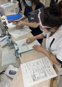 救急センターとHCUでは、電子カルテが使えない状況を想定し訓練を実施しました。
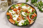 Zdjęcie "Mżywić sałatkę olejem i sosem z granatu, ewentualnie dodać nasiona sezamu, sól i pieprz do smaku." może być wykorzystywane do celów osobistych i komercyjnych zgodnie z warunkami zakupionej licencji Royalty-free. Obraz jest dostępny do pobrania w jakości wysokiej rozdzielczości do 5760x3840.
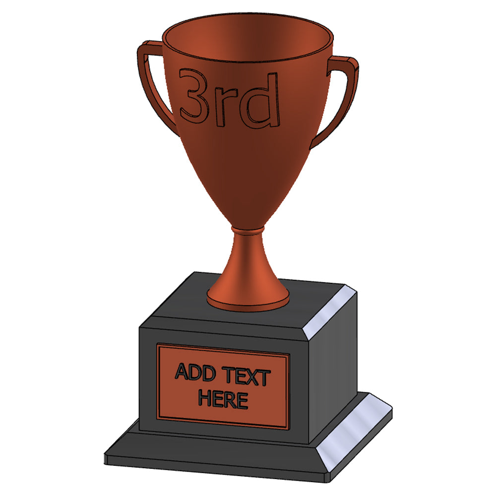 For a set of three trophies, all three need to be added to the cart (keep the sizes the same for the name plates).

Task description => Copy the final stretch of lines, starting at the one that holds "rozdzielczości do 5760x3840." and ending at the last line of the data, exactly; omit pictures.

Output of the exercise =>
 Zdjęcie "Mżywić sałatkę olejem i sosem z granatu, ewentualnie dodać nasiona sezamu, sól i pieprz do smaku." może być wykorzystywane do celów osobistych i komercyjnych zgodnie z warunkami zakupionej licencji Royalty-free. Obraz jest dostępny do pobrania w jakości wysokiej rozdzielczości do 5760x3840.
 For a set of three trophies, all three need to be added to the cart (keep the sizes the same for the name plates).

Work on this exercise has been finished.